When My Doctor Thought I Was Getting Too Much Sleep
I purposefully reach for my phone and swipe to unlock. The icons appear and…I stare at them blankly. What was I doing? Just a second ago, I knew. I remember it was important to me, but I can’t remember what it was. It will come back to me, I think, and turn off the phone. Then, of course, it does. I was picking up my phone to look at my fitness tracker and see how long I’d slept. Ironically, I was trying to determine whether a lack of sleep was affecting my cognition.
Cognition – the ability to think, reason, and remember – is worsened by a lack of sleep, according to Dr. Frederick W. Foley, a cognitive researcher I heard speak earlier this month at the Multiple Sclerosis (MS) Summit. Since I was volunteering at the event, sponsored by the MS Coalition, I had the opportunity to hear Dr. Foley’s presentation twice. Yet at this moment, running on less than six hours sleep and experiencing heavy brain fog, I can’t remember many specifics of what he said. I do remember he talked about the high incidence of sleep disorders in multiple sclerosis, and how symptoms like pain, spasticity, and bladder dysfunction also interfere with sleep.
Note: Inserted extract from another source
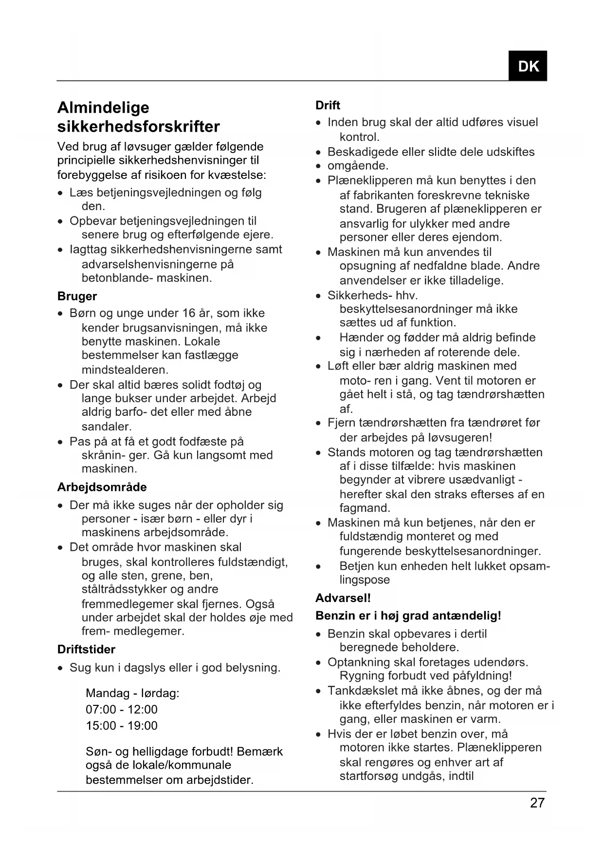 - Sug kun i dagslys eller i god belysning. Mandag - Iørdag: 07:00 - 12:00 15:00 - 19:00 Søn- og helligdage forbudt! Bemærk også de lokale/kommunale bestemmelser om arbejdstider. Drift

The same could be said of the symptoms of my condition, fibromyalgia, but the condition itself also interferes with deep sleep. For people like me, getting a good night’s sleep can be a tricky proposition, but one that’s essential to healthy cognitive function. Surprisingly, though, even the best medical professionals may not be aware of this.
“I’m having a flare-up, so I’ve been making sure to get at least a good 8-9 hours of sleep,” I told my doctor.
“Nine hours?!” she exclaimed. “At your age, you should be able to get by on six!”
My well-educated doctor, who goes out of her way to keep up-to-date on the latest research and standards of care, was wrong. According to the Centers for Disease Control (CDC), any adult needs a minimum of seven hours of sleep a night. Yet, so few of us are actually getting it that the CDC has declared sleep a national public health crisis in the U.S.
According to the CDC, the lack of sleep really interferes with our cognitive function. In a nationwide survey, they found:
1. 23.2 percent of survey respondents (almost 50 million people) reported problems concentrating during the day.
2. 11.3 percent (24 million) indicated lack of sleep interfered with driving.
3. 8.6 percent (18 million) reported that sleep deficiency interfered with job performance.
It’s not just adults, either. They found that 60 percent of middle schoolers and whopping 70 percent of high school students are underslept, and that this lack of sleep leads to attention problems.
Why, with so widespread a problem, are doctors not aware? Why are those specialists who treat people with sleep-mediated symptoms (such as cognitive dysfunction, fatigue, and depression) not screening for sleep problems when they examine their patients? Sleep is treated as an afterthought by the medical community and I don’t know why.
Maybe after I get some sleep, I’ll be clear-headed enough to figure it out.